Я шокировано открываю рот, уставившись на него во все глаза. Мои руки ложатся на широкую грудь в попытке оттолкнуть от себя этого большого шутника, но Фед тверд, как камень и не сдвигается ни на миллиметр.
– Отпусти, придурок! – шиплю на него, чувствуя, как внутри разливается тепло от нашей близости и злясь на себя за такую предательскую реакцию.
Обе его ладони распластаны на моей обнаженной спине, горячие, как ад, и по моей коже ползут мурашки, а дыхание учащается. Я смотрю в яркие глаза Феда Дубова и вижу в них собственную погибель, потому что чем ниже он наклоняется ко мне, трогая дыханием мои губы, тем неподвижнее я становлюсь, готовая обмякнуть и открыться. Не знаю, каким волшебным образом ему удается так воздействовать на меня, но близость к Феду всегда была моим криптонитом.
– Не сопротивляйся, – шепчет он мне в самые губы и не успеваю я переварить его слова, как его рот сминает мой в жестком поцелуе, от которого саднит губы, а из горла вырывается ужасный нуждающийся стон.

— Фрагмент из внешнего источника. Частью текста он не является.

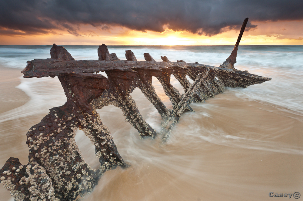 Made the early morning run out to try catch a sunrise at this fantastic shipwreck. The forecast was for clouds and possible rain, but sometimes you just have to go with it. Normally your faced with average skies, but occasionally something special happens and the lansdscape scene evolves in front of you. I thrive for those moments.

Черт, я тону… Меня никто и никогда не целовал настолько горячо и жадно. Открыв рот, я впускаю его язык, который вытворяет дикие вещи, устанавливая господство и подавляя меня самым сладким образом, а потом запускаю пальцы в его волосы, тяня за них, что вызывает у него возбужденный рык. Мы целуемся, как дикари – мокро, непристойно, глубоко, издавая звуки возбуждения, идущие из самого нутра, и умудряясь лапать друг друга так, словно завтра не наступит.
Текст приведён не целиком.